Jun. 2nd, 2004

tanaise: (Default)
[livejournal.com profile] marrael has a Wiscon recap up now: http://www.livejournal.com/users/marrael/35467.html?#cutid1 It's fabulous. But be warned: Shirtless David Levine.

I forgot to publically mourn: I have nearly no swag from the con. Hannah brought me "A place so foreign" for my birthday (It isn't yet personalized "to my future wife," but I'm sure that's just a matter of time.). And I snagged a copy of Salt Roads of the free table(which was much more dangerous than it may sound--I feared for my life for a moment there or so). I have to send it to Lena when I finish reading it, and I've got this feeling that I was supposed to do that with another book back in the day, and never did. And I got my latest (and last in the subscription) LCRW. And Leslie gave me a copy of Olympic Games right as I left, which I should probably lend to Hannah when I've read it. But right now, I'm reading Cory-stories. Mmmmm.

And I got money from my mom for my birthday to buy a pair of earings from [livejournal.com profile] elisem. Nothing fancy, just a set of flower earings--blue glass flowers hanging down with little pearl stamens. I can't remember if she has pictures of the style up, but they're very cute. 38 different colors, she told us, and 14 of them were blue. :) I picked (well, okay, Kat picked) a nice very deep blue, though momentarily I got distracted by a reddish/yellow/almost-amber colored pair.

But I didn't get to buy any books at all. And I had a list like you wouldn't believe--Ratbastard chapbooks, and um, most of the SBP table, and that's probably most of it all. Oh, Little Gods, were I feeling truly rich. But I wasn't. I was being very very good.
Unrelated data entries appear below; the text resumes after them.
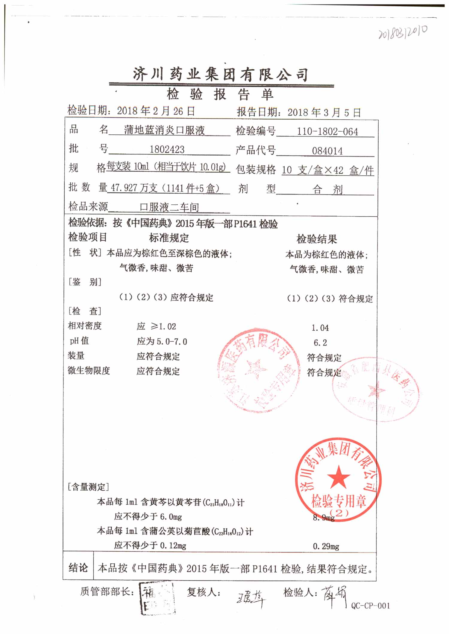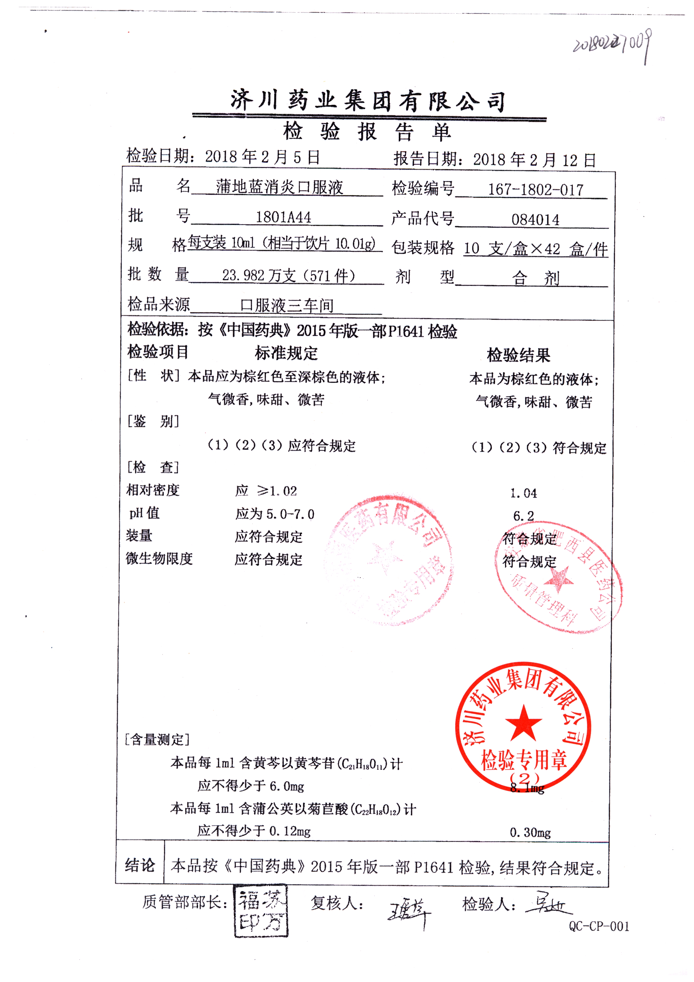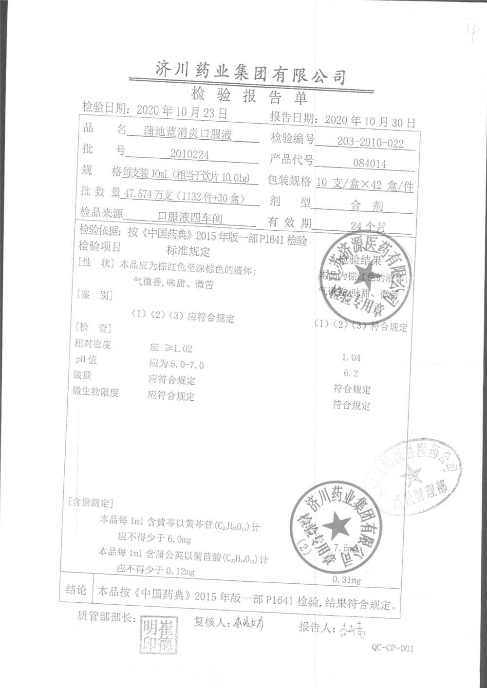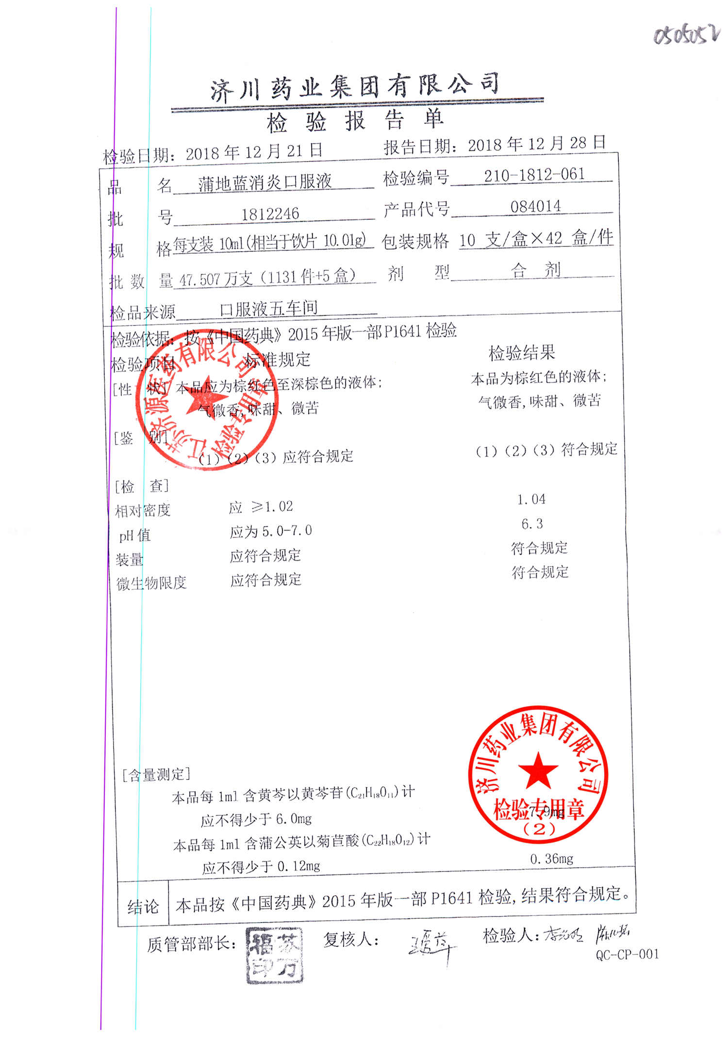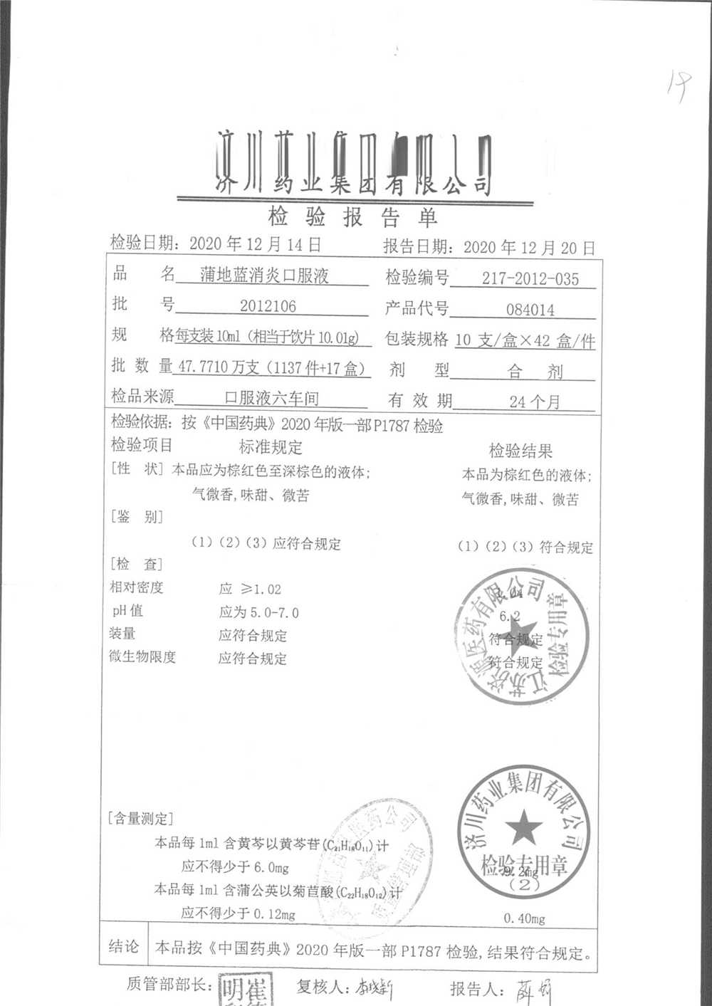 | 蒲地藍消炎口服液 | 10ml*10支 | 2010224 | 查看詳情 |
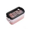 1pc 1400ml Double-layer Lunch Box Portable Compartment Food Box Microwave Lunch Box With Fork Chopsticks And Spoon Picnic Fresh
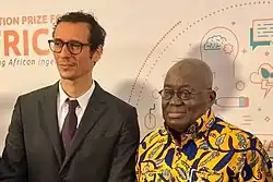 In 2009, he founded the African Innovation Foundation (AIF),[40] which aimed to support sustainable projects in Africa. The Foundation's "Innovation Prize for Africa (IPA)" was launched in 2011 in cooperation with the United Nations Economic Commission for Africa (UNECA).[41] The IPA held an annual competition honoring African entrepreneurs and innovators[42] through investment[43] in their ecosystems[44] and business development.[45] In 2016, the Innovation Prize for Africa celebrated its 5th anniversary,[46] and the AIF signed a Memorandum of Understanding (MoU) with the World Intellectual Property Organization (WIPO) for cooperation to support African innovators.[47] In February 2017, the AIF signed a MoU with the Botswana Innovation Hub to support innovations in Botswana.[48] In addition to the IPA, the AIF founded the ZuaHub, a platform connecting innovators with resources.[49] By 2017, the IPA had a database of over 6,000 innovators from 51 African countries.[50]
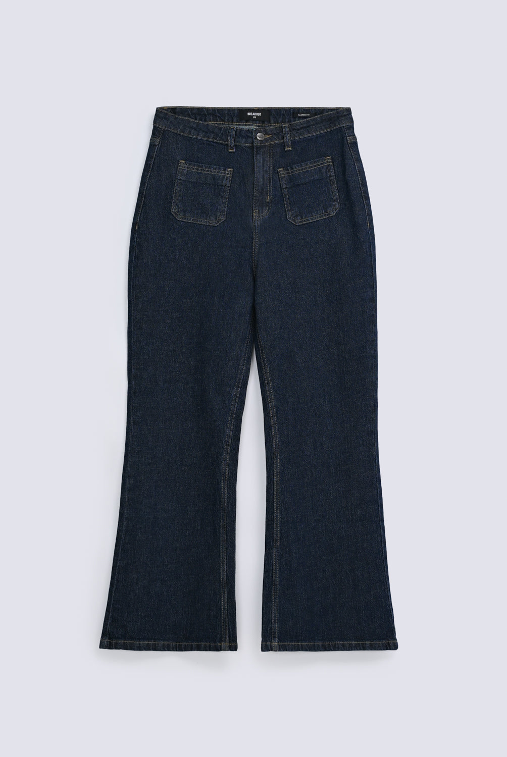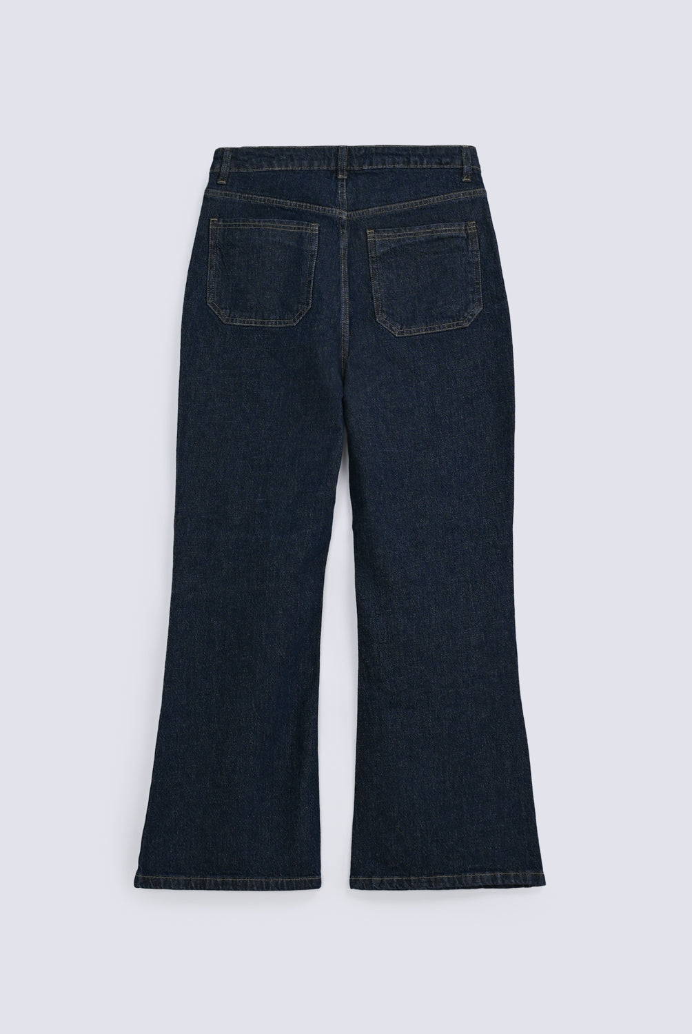 Blue denim in a cotton synthetic blend with subtle vintage wash, finished with a dramatic flare.
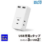 メール便送料無料 STYLED USB充電付 電源タップ コンセント×3口 USB×2ポート 合計3.4A OAタップ ホワイト HMTWC3234-W
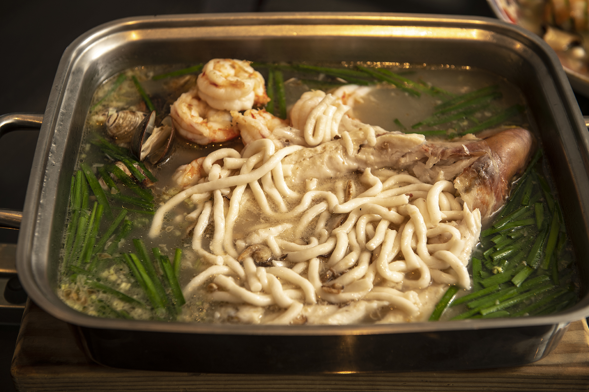 她確實做到了。山海樓在米其林評鑑連續三年獲得一星,即是重要證明。疫情前,客人有三至四成都是國際旅客,讓他們垂涎而來的目標,都是足登大雅之堂的台式功夫菜,包括了由昔日台菜酒家「蓬萊閣」老師傅親自傳授的「掛爐燒雞」,必須使用放養模式達兩公斤重才宰殺的母雞,口感柔韌、滋味噴香;或者是融合了台菜代表性「套疊」手法的「山海珍寶鮮魚」,魚身剖開去骨,填入米苔目,再以豬油網包裹,另有蝦米、文蛤與明蝦同煲,台灣山珍海產的鮮甜盡融一爐。

Which was very very hard.
tanaise: (Default)
Oh, and I should probably do a 'first day at the new house' type post, but I didn't really do anything there, so I'm not sure if it's worth it. I'll think about it for a while though.



Oh, at the New Wave YA reading, Sharyn November gave the best definition of YA as a group that I've heard yet. Hannah and I just looked at each other, and gave each other very big eyes. She said, aproximately, that YA novels are about people (presumably young/youngish, but not necessarily in a particular age group) facing a problem they don't have tools to handle yet.

I think it might be a bit broad--clearly you can write novels about that which aren't YA, but I'll bet that I could make at least 75% of the YA I read fit that sentence, without even stomping on the edges.

So. What do the rest of you think? yes? no? (Hannah, or anyone else who was there, did I remember it correctly?)